Es besteht der Tatverdacht, dass ein international agierendes kriminelles
Netzwerk über einen längeren Zeitraum hinweg systematisch archäologische
Kulturgüter illegal geborgen und gewerbsmäßig in den Handel eingebracht hat.
Unter Koordination des Landeskriminalamts Baden-Württemberg wurden insgesamt 19
Objekte im Bundesgebiet und in Österreich durchsucht. Die Maßnahmen erstreckten
sich auf Baden-Württemberg, Bayern, Hamburg, Rheinland-Pfalz, sowie
Niederösterreich. Sie erfolgten in enger Zusammenarbeit und mit Unterstützung
einer Vielzahl nationaler und internationaler Fachinstitutionen, darunter das
Landesamt für Denkmalpflege Baden-Württemberg, das Württembergische
Landesmuseum, die Generaldirektion Kulturelles Erbe Rheinland-Pfalz, das
Bayerische Landesamt für Denkmalpflege, das Bundeskriminalamt, mehrere
Landeskriminalämter sowie Polizeibehörden aus Österreich.

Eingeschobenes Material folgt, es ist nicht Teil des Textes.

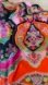 Vibrant bohemian blouse with floral patterns. Features a mix of pink, orange, and black. Flowy sleeves and relaxed fit.

Durchsucht wurden Wohn- und Geschäftsräume. Hierbei wurden umfangreiche
Beweismittel sichergestellt. Unter anderem fanden die Ermittlerinnen und
Ermittler eine Vielzahl archäologischer Gegenstände. In einem Gebäude wurden
zudem historische Schusswaffen sichergestellt. Die Untersuchung der
sichergestellten Gegenstände dauert an.
Auf die Spur der Täter, die arbeitsteilig und in wechselnden Gruppierungen
agiert haben sollen, um die Kultur- und Kunstschätze illegal zu beschaffen und
zu verkaufen, kamen die Ermittler des Landeskriminalamts Baden-Württemberg im
Juni 2025. Bei zwei Tatverdächtigen wurden damals eine Vielzahl archäologischer
Objekte sichergestellt, darunter befanden sich nach einer ersten Einschätzung
auch bedeutsame Kulturschätze.
Nach bisherigem Ermittlungsstand sollen die Täter gezielt archäologisch
bedeutsame Fundorte in Deutschland, Österreich und Spanien aufgesucht haben, um
dort mit Metalldetektoren und teilweise auch durch Unterwassererkundungen
Kulturgüter illegal zu bergen. Diese Objekte sollen anschließend über längere
Zeiträume hinweg gewerbsmäßig veräußert worden sein.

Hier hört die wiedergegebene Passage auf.